Climber returns home after failed summit attempt on K2

Safe but sorry

Posted: Friday, September 06, 2002

SEATTLE -- Had it been up to Christine Boskoff, she would have made one more push for the summit of K2 before giving up on the world's second-tallest mountain.

But in the end, poor weather thwarted her bid to reach the top of the 28,250-foot peak in the Himalayas' Karakoram Range on the border between Pakistan and Tibet.

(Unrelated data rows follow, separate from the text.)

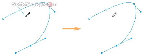 “更改區域形狀” 工具:使用時,該工具的指針是兩個同心圓,只有處于這兩個同心圓范圍內的路徑才會被修改。
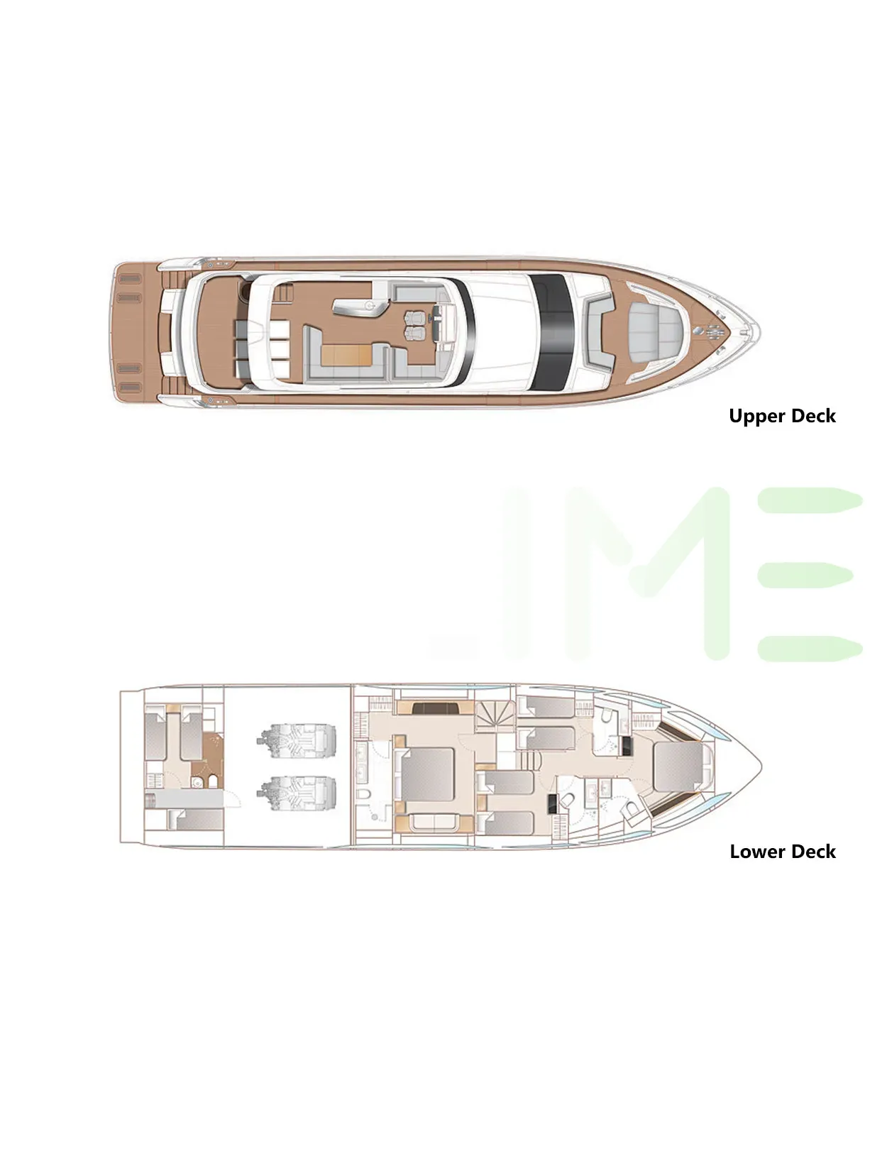 Request plans that include the layout of staterooms, guest areas, and outdoor spaces, as well as crew quarters and work areas.
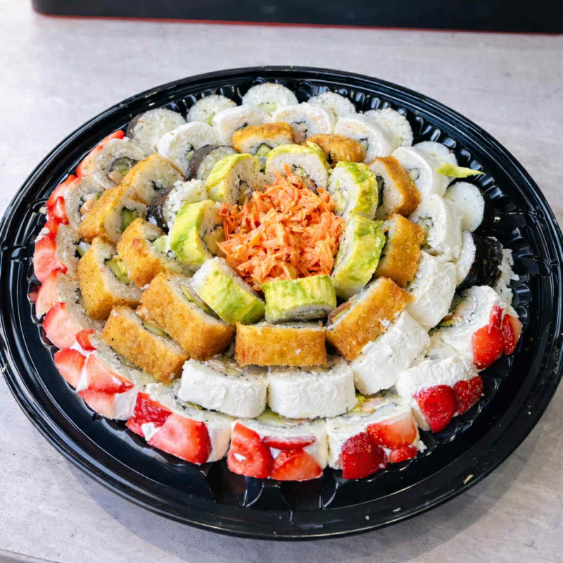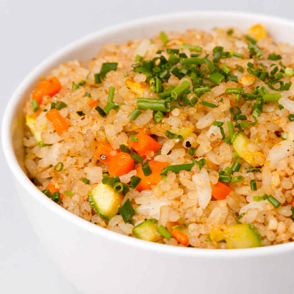 Arroz frito con queso cheddar, champiñones, ensalada Tampico, aguacate, Philadelphia, ajonjoli negro
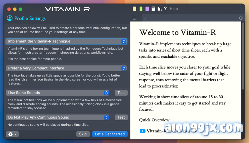 Vitamin-R for Mac 是一款专为 Mac 用户设计的时间管理和专注力提升工具,通过将任务分解为短时间的专注工作单元和休息时间,帮助用户克服拖延、保持动力并提高工作效率。它不仅支持与传统任务管理工具的集成,还具备多种个性化功能,适合不同工作节奏和需求的用户。
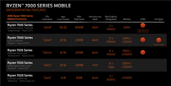 AMD锐龙7000送上史上最强核显!频率3GHz 超越所有独显?AMD今天正式发布了锐龙7000系列移动版处理器,包含多个系列:5nm、Zen4、RDNA2的锐龙7045HX系列;4nm、Zen4、RDNA3的锐龙7040HS系列;6nm、Zen3 、RDNA2的锐龙7035U系列;7nm、Zen3、Vega的锐龙7030U系列;6nm、Zen2、RDNA2的锐龙 速龙7020系列。其中,锐龙7040HS系列无疑是技术上最先进的,直接用上了刚刚诞生的

''One time when we were descending on the south face, a big avalanche set off to our right, and a big avalanche set off to our left,'' Boskoff said Wednesday from her office at Mountain Madness, the guided climbing business she owns and runs in West Seattle. ''We were safe where we were, but it was pretty freaky.''

Boskoff and her climbing partner, Charlie Fowler, of Norwood, Colo., began their trek in June on the permit of a 12-member international team, then joined a six-member Japanese team in late July when the group they started with decided to head back down the mountain because of stormy weather.

''That was a bummer,'' said Boskoff.

They made their last summit push in early August, then headed home to the United States.

She climbed as high as 25,700 feet, Web site dispatches showed.

None of the roughly 50 climbers who tried to reach the summit of the so-called ''Savage Mountain'' made it this year, Boskoff said. Two men died -- a Pakistani porter and a liaison officer with the Pakistan Army accompanying one of the teams.

Boskoff, who turns 35 on Saturday, has been back in Seattle since Aug. 15, staying busy at work, planning Mountain Madness' expeditions for next spring.

She said she wants to give K2 another try at some point, perhaps as early as 2004. Whenever it happens, she said, she'll try to assemble a small party of the strongest climbers she knows -- a team with the skill to make an all-out bid for the summit.

Only 189 people have ever reached the summit of K2 -- so named because it's the second in a chain of 35 mountains in the Karakoram Range. Of the 189 who made it to the top, 49 died -- 22 of them on their way down.

And of the five women who made it, three died while descending and the other two died on climbs elsewhere soon after surviving K2.

Boskoff, a native of Appleton, Wis., has reached the top of five of the world's 14 tallest peaks: Cho Oyu, Lhotse, Gasherbrum II, Shishipangma and Everest.